§ **WHAT YOU WILL DO**
Please set down only the lines below starting with the line with "Имеют нескользящую подошву" and going on through the line with "然后回到密钥生成工具,复制应", verbatim and without pictures.

§ **DATA RECORDS**
*** Begin section ***

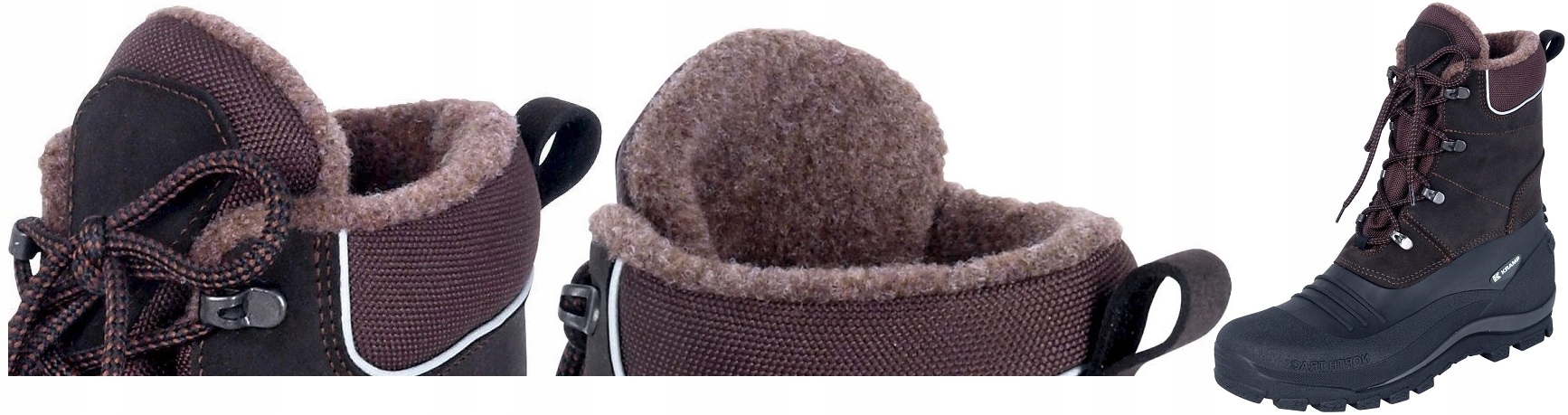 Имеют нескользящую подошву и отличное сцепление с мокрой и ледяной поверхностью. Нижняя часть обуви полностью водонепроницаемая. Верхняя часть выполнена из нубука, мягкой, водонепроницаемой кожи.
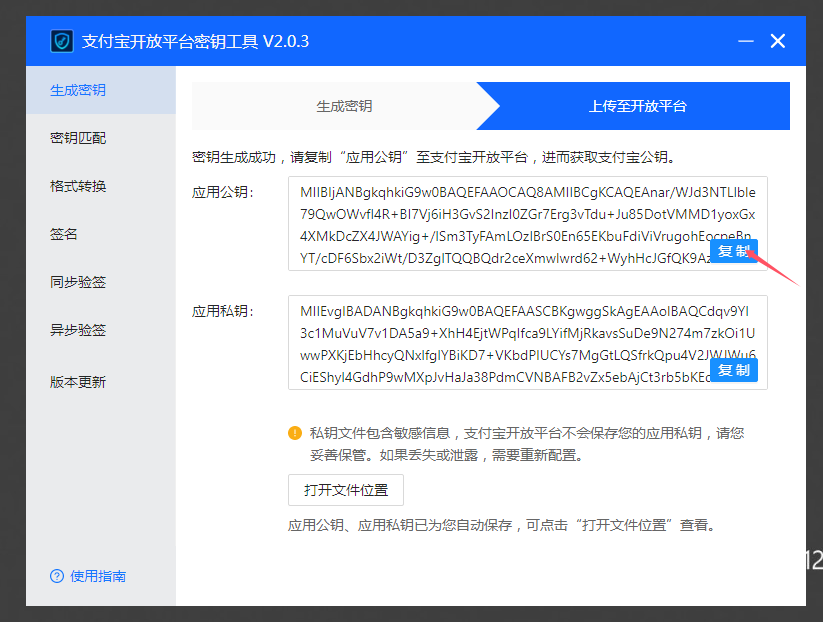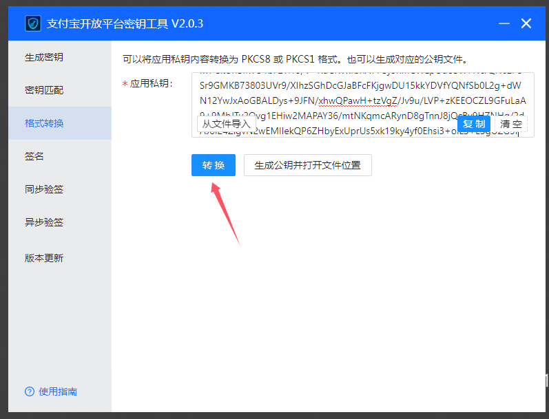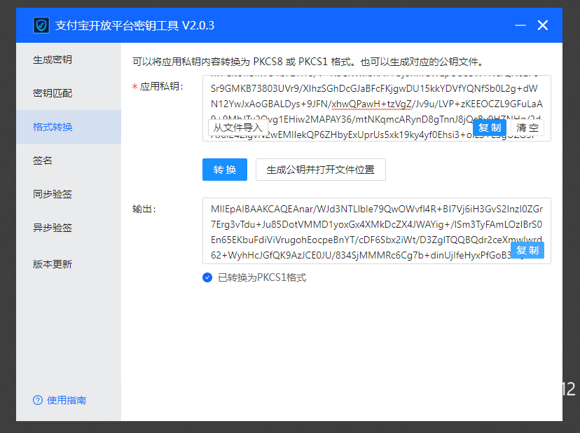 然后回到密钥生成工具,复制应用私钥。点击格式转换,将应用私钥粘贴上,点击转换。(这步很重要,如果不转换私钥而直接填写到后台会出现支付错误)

*** End section ***
*** Begin section ***

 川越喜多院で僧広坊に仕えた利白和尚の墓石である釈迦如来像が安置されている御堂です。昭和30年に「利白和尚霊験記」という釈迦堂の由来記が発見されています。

*** End section ***

§ **RESPONSE TO THE TASK**
 Имеют нескользящую подошву и отличное сцепление с мокрой и ледяной поверхностью. Нижняя часть обуви полностью водонепроницаемая. Верхняя часть выполнена из нубука, мягкой, водонепроницаемой кожи.
 然后回到密钥生成工具,复制应用私钥。点击格式转换,将应用私钥粘贴上,点击转换。(这步很重要,如果不转换私钥而直接填写到后台会出现支付错误)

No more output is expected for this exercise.